# y'=x-(y^2)sin(y) has unique solution?

• March 25th 2009, 02:29 AM
mylestone
y'=x-(y^2)sin(y) has unique solution?
My differential equations is rusted-to-the-point-of-useless, so here's a problem, what I did, and a question about it:

I'm staring at $y'=x-(y^2)sin(y)$, with the condition that $y(0)=-2$. I need to determine whether there is a unique solution here within some sufficiently small interval about zero. So, I put the y-relevant things on the left, the x-relevant things on the right, integrate both sides and end up with $2y \sin (y) - (y^2 -2) cos (y) = \frac{x^2}{2} + C$.

Now I'm not even sure I did that properly, but if I pretend I did then I get confused here because if I use the point (0, -2) to find C then graph the implicit function using this C, my graph looks like ellipse-ish forms radiating vertically from the origin--I'm unclear how to interpret this. Is this my unique solution?

If, on the other hand, I enter the original differential equation "as-is" with the specified condition into my graphing tool, a single line (however strangely shaped) appears before me, suggesting more directly (to my inept intuition, at any rate) an affirmative "Yes, there IS a unique solution, and you're staring at it, buddy".

Methinks a wholly analytic solution would show me the link I'm missing between the two, but I'm unsure how that goes. Maybe I've just been up too long to sort it out solo, but any clarification would be greatly appreciated.

• March 28th 2009, 08:16 AM
TheEmptySet
Quote:

Originally Posted by mylestone
My differential equations is rusted-to-the-point-of-useless, so here's a problem, what I did, and a question about it:

I'm staring at $y'=x-(y^2)sin(y)$, with the condition that $y(0)=-2$. I need to determine whether there is a unique solution here within some sufficiently small interval about zero. So, I put the y-relevant things on the left, the x-relevant things on the right, integrate both sides and end up with $2y \sin (y) - (y^2 -2) cos (y) = \frac{x^2}{2} + C$.
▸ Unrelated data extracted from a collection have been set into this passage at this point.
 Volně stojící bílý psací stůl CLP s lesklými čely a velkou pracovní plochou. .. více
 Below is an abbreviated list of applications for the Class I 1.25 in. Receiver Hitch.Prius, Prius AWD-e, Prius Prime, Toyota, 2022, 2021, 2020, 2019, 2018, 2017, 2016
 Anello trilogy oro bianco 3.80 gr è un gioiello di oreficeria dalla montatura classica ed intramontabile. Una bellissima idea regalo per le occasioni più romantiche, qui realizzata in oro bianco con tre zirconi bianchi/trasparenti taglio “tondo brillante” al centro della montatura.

Now I'm not even sure I did that properly, but if I pretend I did then I get confused here because if I use the point (0, -2) to find C then graph the implicit function using this C, my graph looks like ellipse-ish forms radiating vertically from the origin--I'm unclear how to interpret this. Is this my unique solution?
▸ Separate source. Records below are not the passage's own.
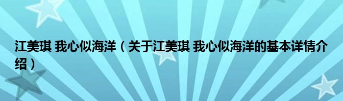 江美琪 我心似海洋(关于江美琪 我心似海洋的基本详情介绍)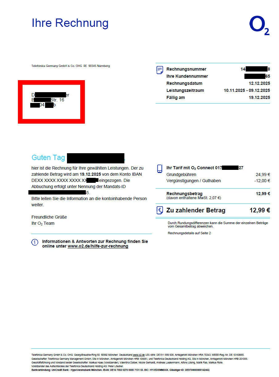 @o2_Bianca Die richtige Adresse war wohl die ganze Zeit im Kundenportal ersichtlich, wurde aber bisher warum auch immer nicht vom Rechnungssystem übernommen. Die von @o2_Giulia bestätigte Änderung wird man also erst nach Ausstellung der nächsten Rechnung nachvollziehen können.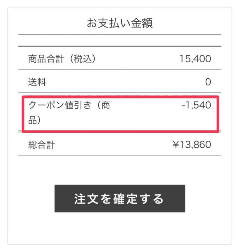 ⑥お支払い金額欄にてクーポン値引きがされているかを確認後、注文確定へお進みください。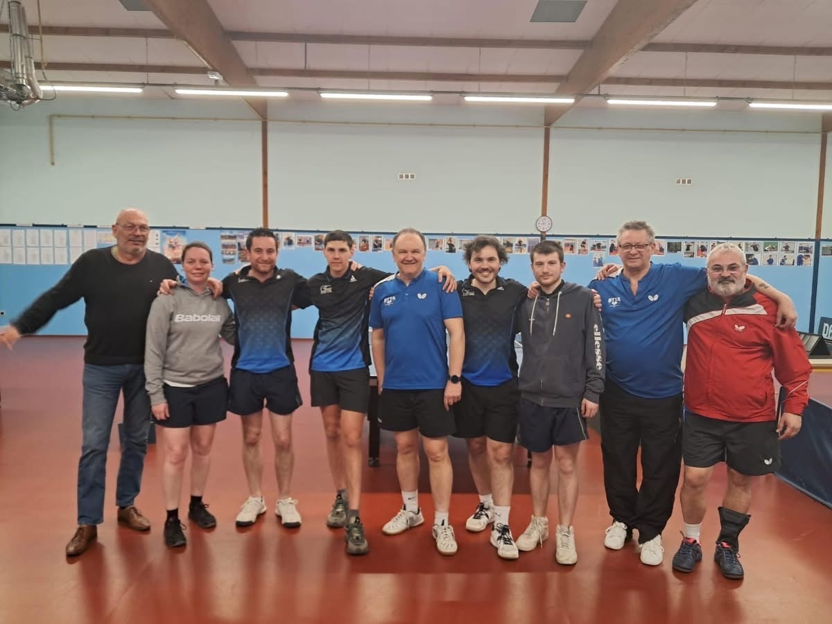 La D3 (8 /8 /7/7) en déplacement BTTA (8/8/7/5) A écouter l’équipe il ne faudrait parler que de l’après match tellement ils ont passé une bonne soirée avec les copains d’en face 😊 C’est aussi ça le ping, l’amitié, la rigolade après s’être bagarré à la table ! Au niveau du jeu large victoire des nôtres 14-4 emmené par un Alex, et un Ahmet on fire 😉 La particularité dans cette équipe c’est que régulièrement des joueurs différents prennent le lead de l’équipe… l’homogénéité c’est peut être ça le secret de la réussite 😊 Ahmet et Alexandre 4,5 pts, Nico 3 et président mouillé (private joke 😊) 2
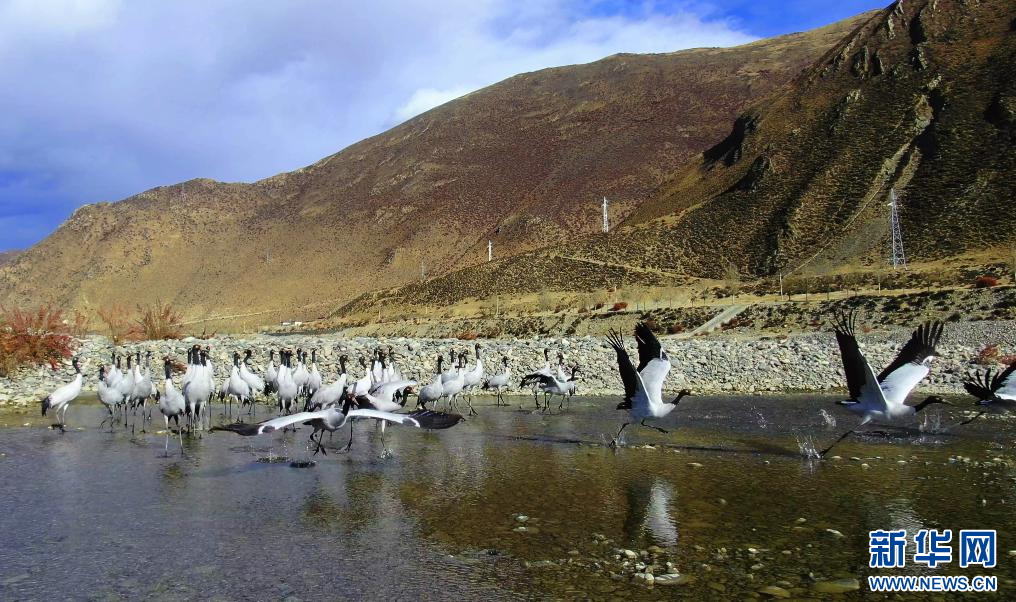 圖為黑頸鶴在湖邊嬉戲(11月24日攝)。新華網(wǎng)發(fā) 嘎色攝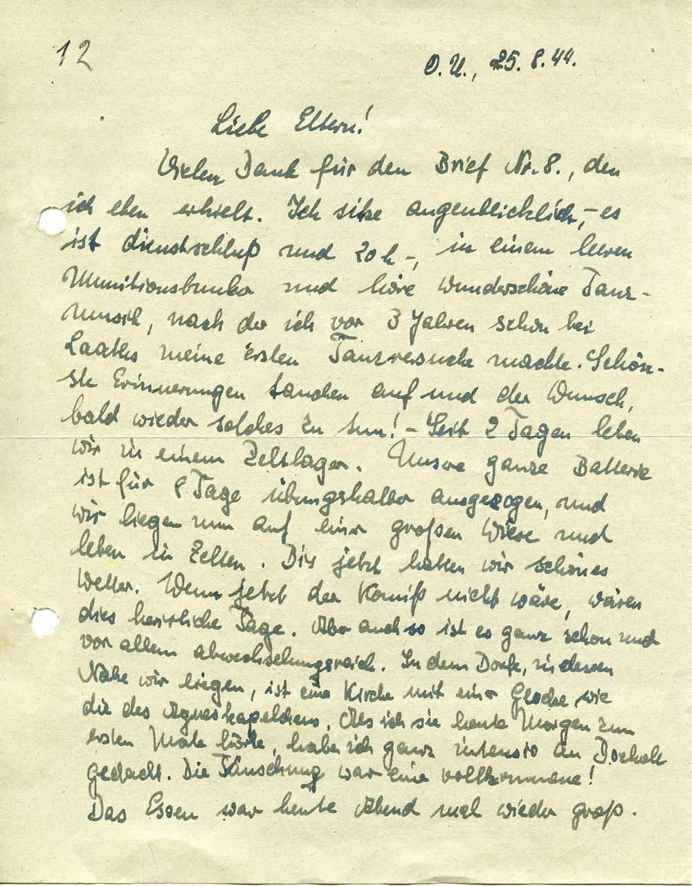 Vielen Dank für den Brief Nr. 8., den ich eben erhielt. Ich sitze augenblicklich, - es ist Dienstschluß und 20 h -, in einem leeren Munitionsbunker und höre wunderschöne Tanzmusik, nach der ich vor 3 Jahren schon bei Laaths meine ersten Tanzversuche machte. Schönste Erinnerungen tauchen auf und der Wunsch, bald wieder solches zu tun! – Seit 2 Tagen leben wir in einem Zeltlager. Unsere ganze Batterie ist für 8 Tage übungshalber ausgezogen, und wir liegen nun auf einer großen Wiese und leben in Zelten. Bis jetzt hatten wir schönes Wetter. Wenn jetzt der Komiß nicht wäre, wären dies herrliche Tage. Aber auch so ist es ganz schön und vor allem abwechslungsreich. In dem Dorfe, in dessen Nähe wir liegen, ist eine Kirche mit einer Glocke wie die des Agneskapellchens. Als ich sie heute Morgen zum ersten Male hörte, habe ich ganz intensiv an Bocholt gedacht. Die Täuschung war eine vollkommene!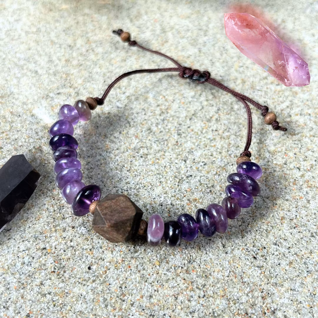 Armband med Ametist och träpärlor i makrame, Onesize XS-M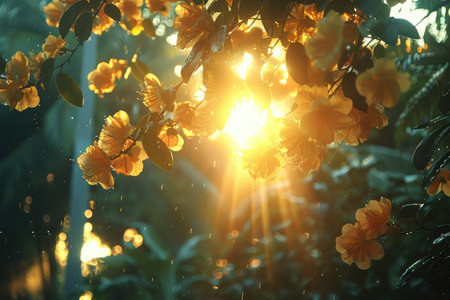 A stunning capture of vibrant yellow flowers illuminated by sunlight filtering through a green forest. This serene scene showcases nature's beauty and tranquility.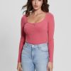 GUESS Czech Republic – GUESS Eco Off-the-Shoulder Lucy Top Nordic Sea Kašmír ženy 2BRD1075 oblečení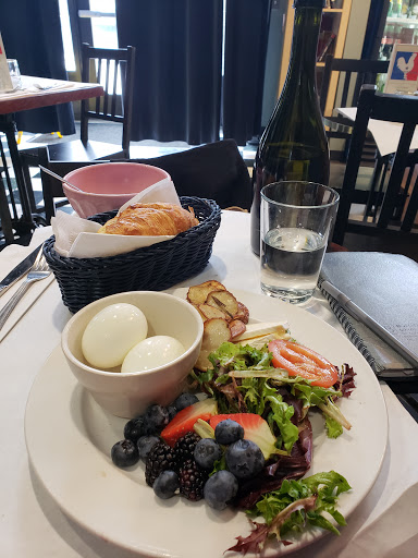 We liked our impromptu lunch well enough after driving past. The outdoor patio portion was nice, but I wish it would have been slightly cooler outside to be comfortable. The chairs on the inside need a little bit of loving, because when they get pushed on the floor, it shrieks something terrible. But, the service was a touch slow, but I suppose that can be chalked up to the type of place this is. I had the eggs with the brie, fresh fruits, potatoes, and croissant. It was a marvelous meal, but the reason this place is a 4 and not a 5 was the eggs. They were just super plain in comparison to the rest of the meal. Had they some sort of flavor, that would have been amazing.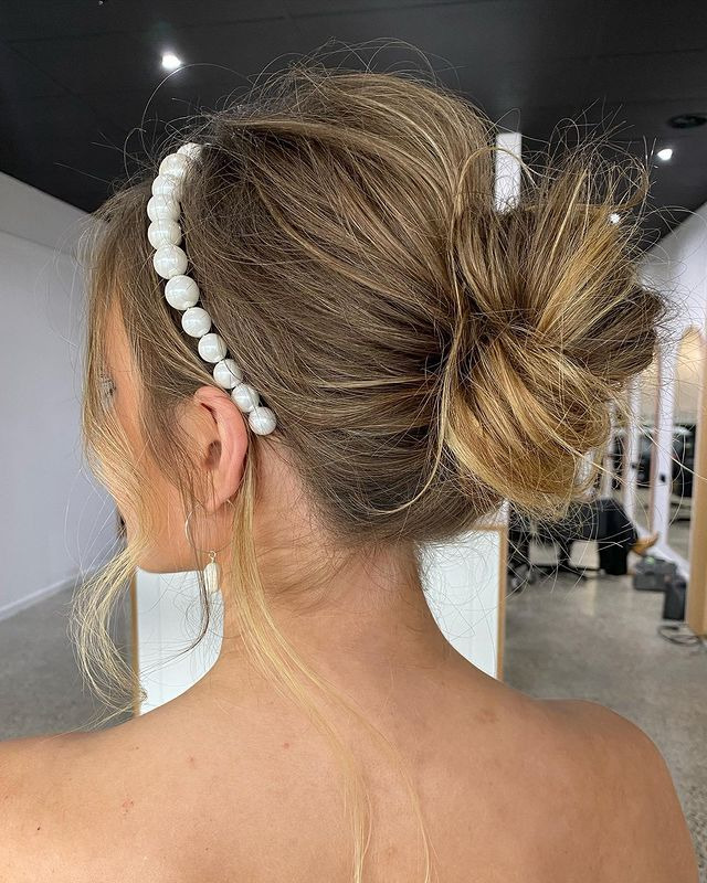 This hairstyle features a beautiful textured bun that adds a modern twist to a classic hairstyle. The bun has a deliberately careless voluminous texture, which creates a relaxed but stylish look. A pearl headband is added to the mix, adding elegance and sophistication to the overall look. Loose curls that frame the face soften the look and make it perfect for casual and formal occasions. This hairstyle is ideal for medium length hair and creates a chic, versatile style that combines elegance with a casual vibe.

If, on the other hand, I enter the original differential equation "as-is" with the specified condition into my graphing tool, a single line (however strangely shaped) appears before me, suggesting more directly (to my inept intuition, at any rate) an affirmative "Yes, there IS a unique solution, and you're staring at it, buddy".

Methinks a wholly analytic solution would show me the link I'm missing between the two, but I'm unsure how that goes. Maybe I've just been up too long to sort it out solo, but any clarification would be greatly appreciated.
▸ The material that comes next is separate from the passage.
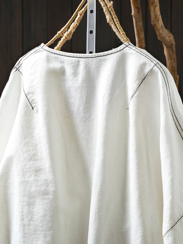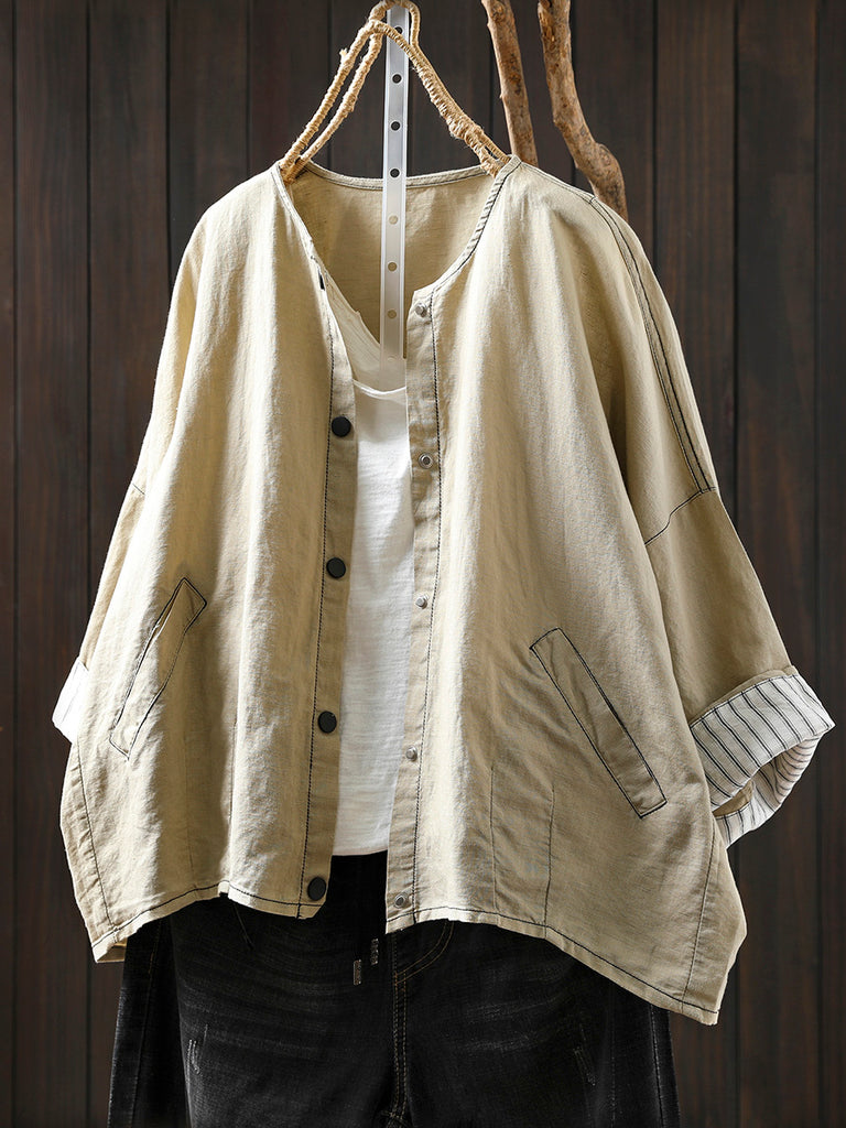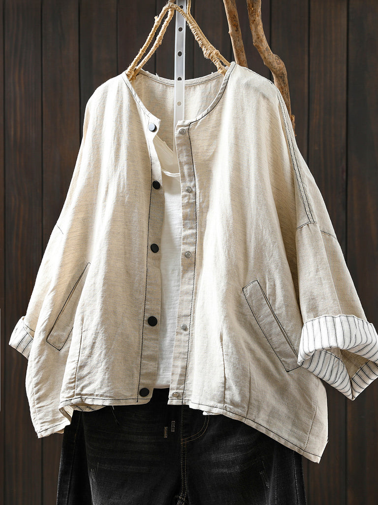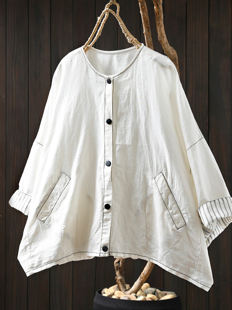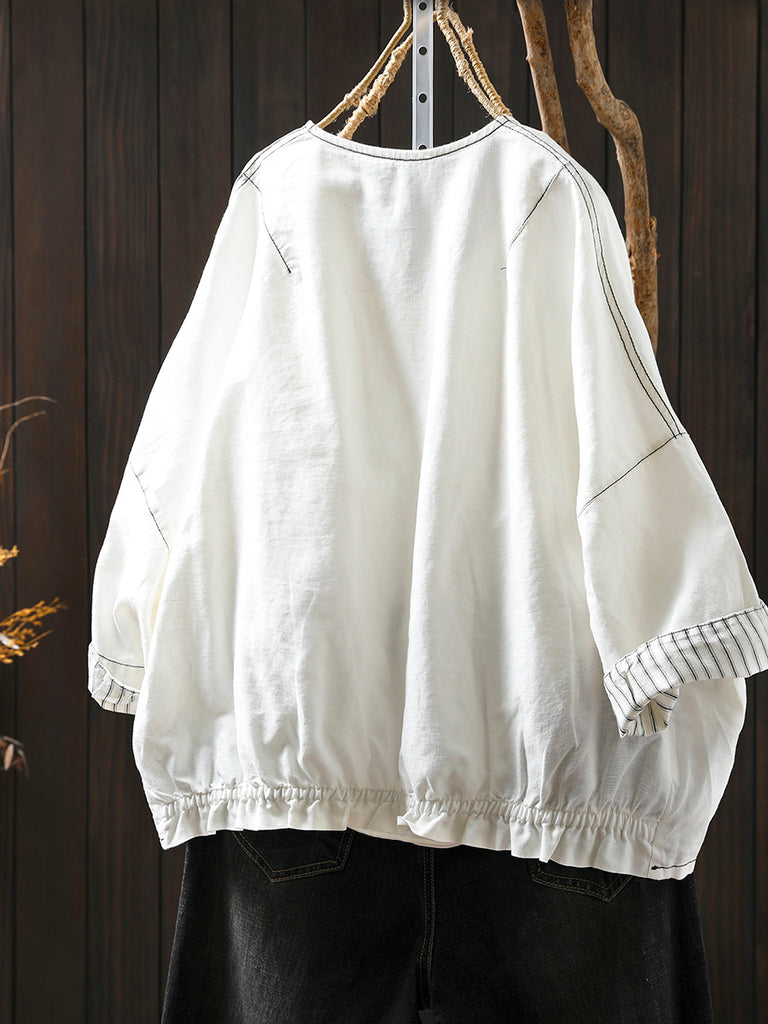 Chemise d'été en lin à rayures artistiques et col rond pour femme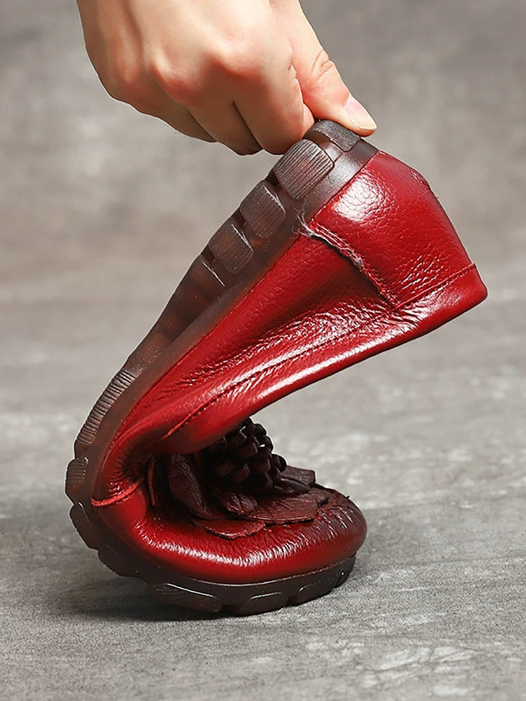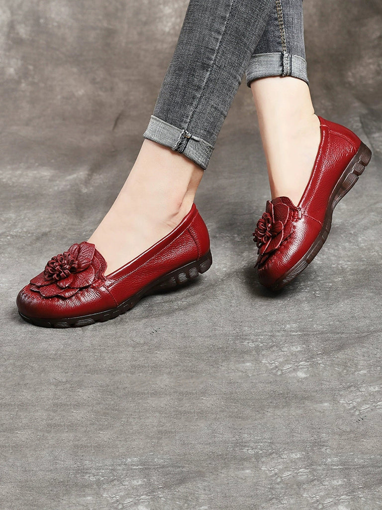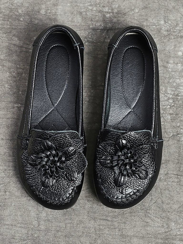 Women Summer Genuine Leather Flower Low Heel Shoes

Unfortuatly this equation is not seperable and the above solution is not correct.

Existance and uniqueness can be determined however.

First we need to put the function in the form

$\frac{dy}{dx}=f(x,y)$ this is how the equation is given

$y'=f(x,y)=x-(y^2)\sin(y)$

Now if the above is continuous and its partial with repect to y is continuous on some rectangle containing you intial condition then it has a solution and it is unique.

The above is continous on all of $\mathbb{R}^2$

and its partial with repect to y is

$\frac{\partial }{\partial y}(x-(y^2\sin(y)))= -2y\sin(y)-y^2\cos(y)$

is also continuous on all of $\mathbb{R}^2$.

This tells us that a solution both exists and is unique.